Transmission micrographs of the ileal villi infected with REPEC O103 (A), AAF004 (B), and AAF005 (C). The REPEC O103 are intimately associated with the ileal villi and form pedestal-like structures, which are indicated by arrows. Microbodies and elongated and swollen microvilli were also observed. In contrast, AAF004 (EspA⁻) and AAF005 (EspB⁻) do not cause A/E lesions, and intracellular damage was not seen. All ileal sections were taken 96 h after infection. Original magnification, ×6,300.

Figure 7

Confocal laser scanning micrographs of Peyer's patches infected with REPEC O103, AAF004, and AAF005. Peyer's patches were taken 72 h after infection and cryosections (20-μm-thick) were stained with phalloidin-TxR (red for overlay) and anti-O103 antibody (green for overlay).
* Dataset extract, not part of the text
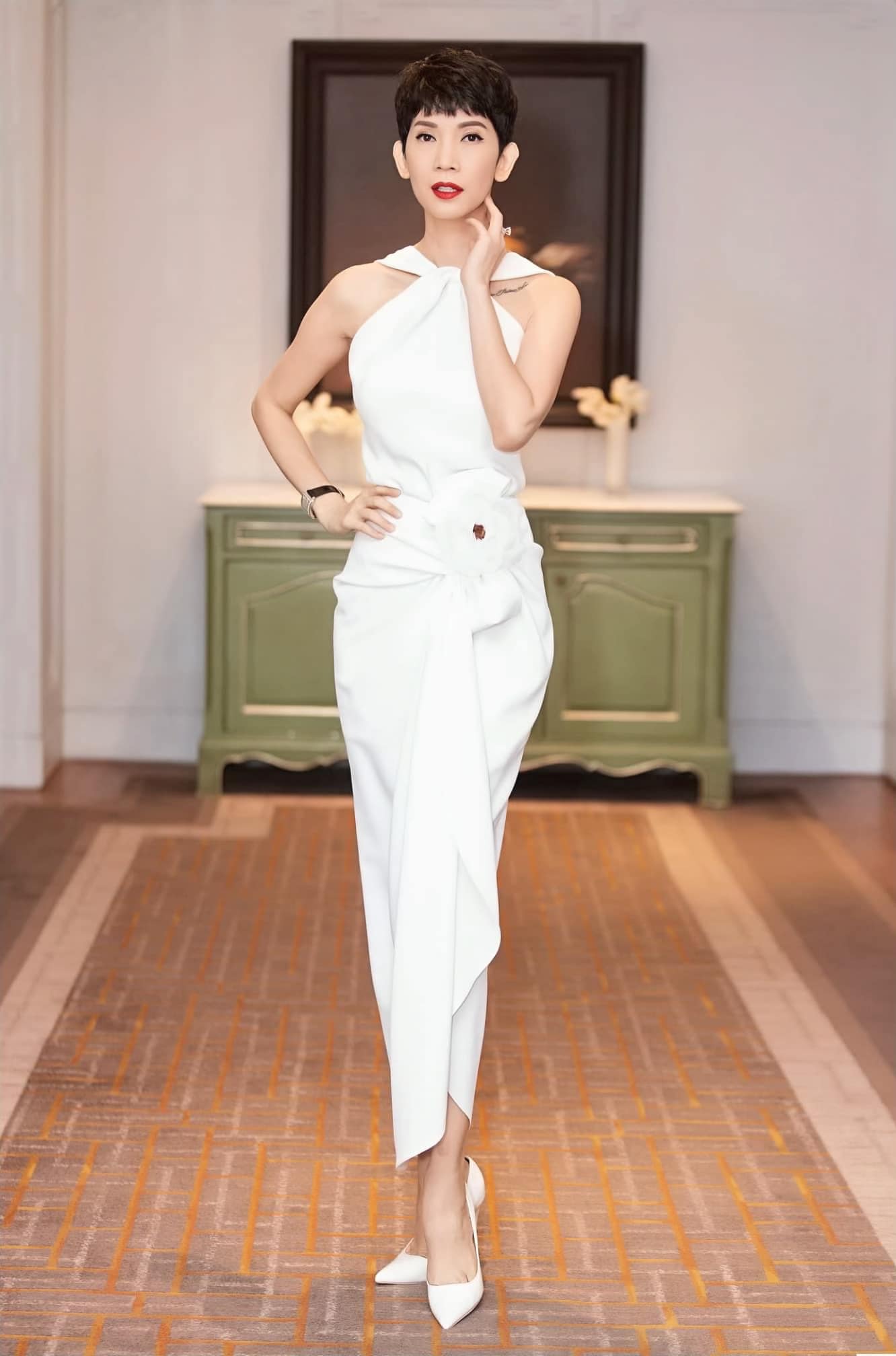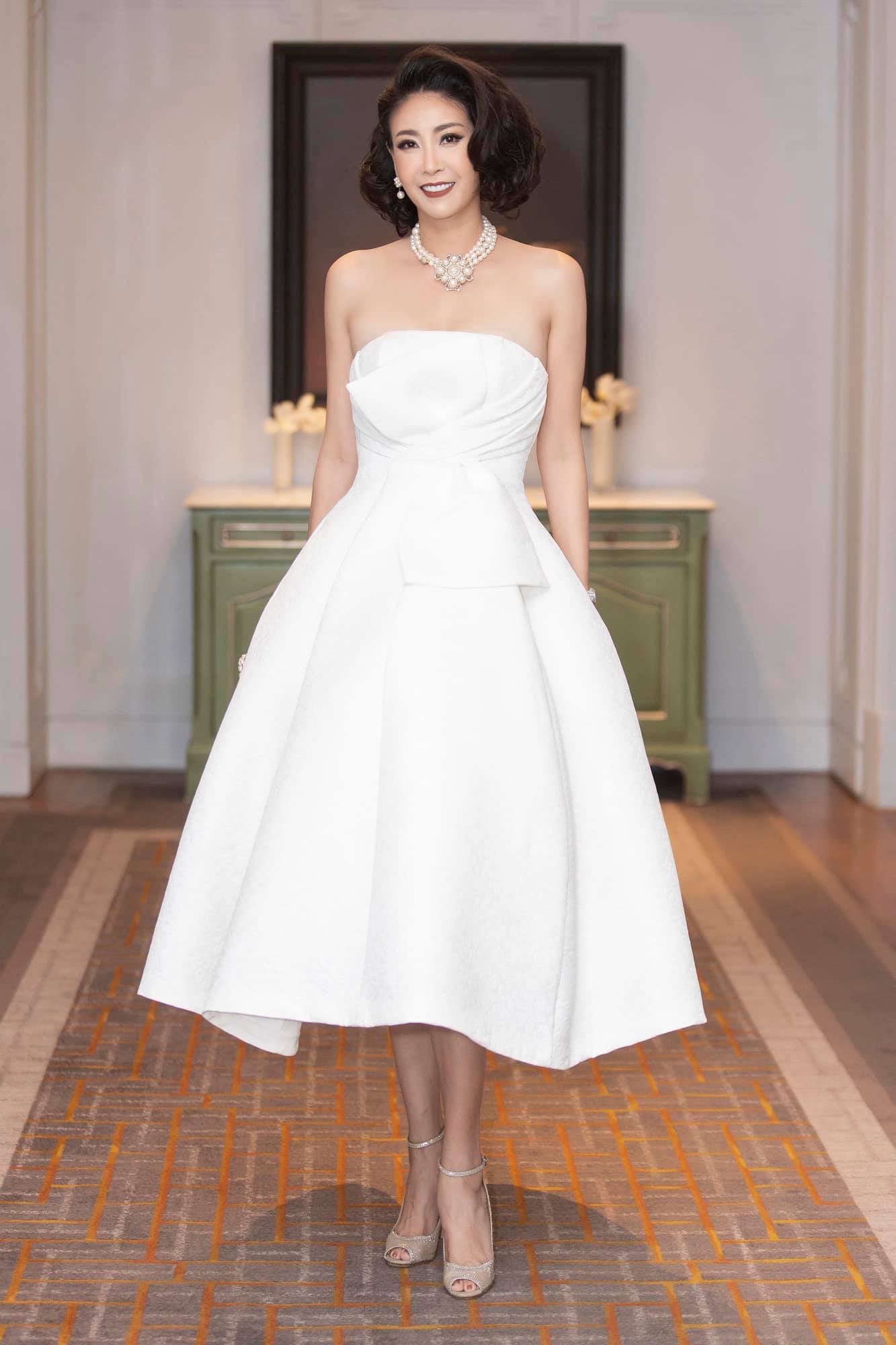 Siêu mẫu Xuân Lan nền nã với bộ cánh màu trắng cách điệu phần cổ áo giúp cô khoe trọn bờ vai hao gầy.

REPEC O103 adhered and colonized to the Peyer's patches, cytoskeletal actin beneath the attached bacteria was rearranged, and cup-like structures were also observed. In contrast, a small number of EspA and EspB mutant strains were observed in villi crypts, but no actin rearrangements occurred. Strains: REPEC O103, O103; AAF004 (EspA⁻), ΔespA; AAF005 (EspB⁻), ΔespB; PBS inoculation, Control.